## Your instructions
Below this line are records; transcribe exactly the lines between the one holding "Now Vance pretty" and the one holding "Un déjeuner avec", inclusive, and omit the pictures.
*** Opening Data provided ***
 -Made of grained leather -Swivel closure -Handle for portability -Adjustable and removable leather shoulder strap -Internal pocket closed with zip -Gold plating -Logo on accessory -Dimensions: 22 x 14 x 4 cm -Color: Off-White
*** Closing Data provided ***
*** Opening Data provided ***
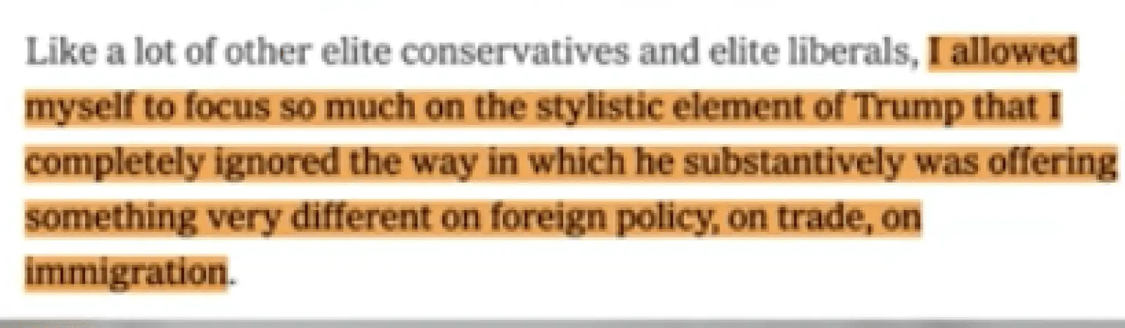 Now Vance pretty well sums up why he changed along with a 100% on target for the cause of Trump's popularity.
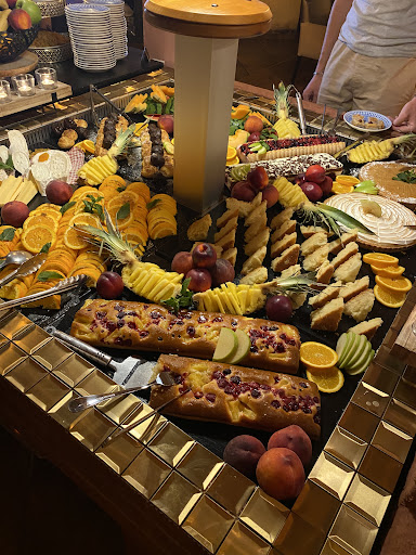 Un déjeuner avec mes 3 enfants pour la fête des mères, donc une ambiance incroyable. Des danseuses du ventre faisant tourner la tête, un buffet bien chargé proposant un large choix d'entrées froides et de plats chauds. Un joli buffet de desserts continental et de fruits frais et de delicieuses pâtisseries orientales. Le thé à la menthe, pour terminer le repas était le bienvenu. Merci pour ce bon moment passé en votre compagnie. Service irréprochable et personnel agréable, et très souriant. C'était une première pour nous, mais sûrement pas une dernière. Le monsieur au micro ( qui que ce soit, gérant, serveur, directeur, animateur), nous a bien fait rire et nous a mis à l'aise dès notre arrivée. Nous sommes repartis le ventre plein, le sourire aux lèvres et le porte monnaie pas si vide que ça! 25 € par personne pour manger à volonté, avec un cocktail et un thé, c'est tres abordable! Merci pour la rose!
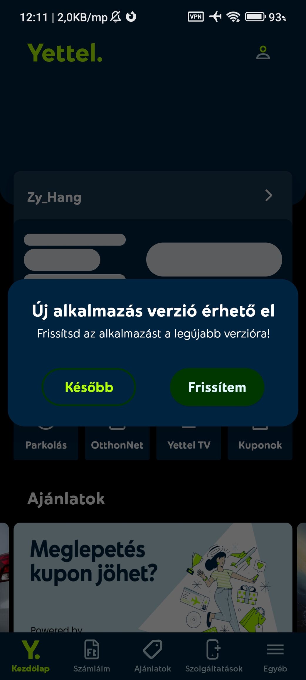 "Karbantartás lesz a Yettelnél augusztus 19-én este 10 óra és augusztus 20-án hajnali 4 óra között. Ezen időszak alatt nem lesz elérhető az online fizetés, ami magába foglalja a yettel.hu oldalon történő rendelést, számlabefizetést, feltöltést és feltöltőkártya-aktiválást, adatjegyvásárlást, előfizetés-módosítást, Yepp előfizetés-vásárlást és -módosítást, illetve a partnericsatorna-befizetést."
*** Closing Data provided ***
## Worked solution
 Now Vance pretty well sums up why he changed along with a 100% on target for the cause of Trump's popularity.
 Un déjeuner avec mes 3 enfants pour la fête des mères, donc une ambiance incroyable. Des danseuses du ventre faisant tourner la tête, un buffet bien chargé proposant un large choix d'entrées froides et de plats chauds. Un joli buffet de desserts continental et de fruits frais et de delicieuses pâtisseries orientales. Le thé à la menthe, pour terminer le repas était le bienvenu. Merci pour ce bon moment passé en votre compagnie. Service irréprochable et personnel agréable, et très souriant. C'était une première pour nous, mais sûrement pas une dernière. Le monsieur au micro ( qui que ce soit, gérant, serveur, directeur, animateur), nous a bien fait rire et nous a mis à l'aise dès notre arrivée. Nous sommes repartis le ventre plein, le sourire aux lèvres et le porte monnaie pas si vide que ça! 25 € par personne pour manger à volonté, avec un cocktail et un thé, c'est tres abordable! Merci pour la rose!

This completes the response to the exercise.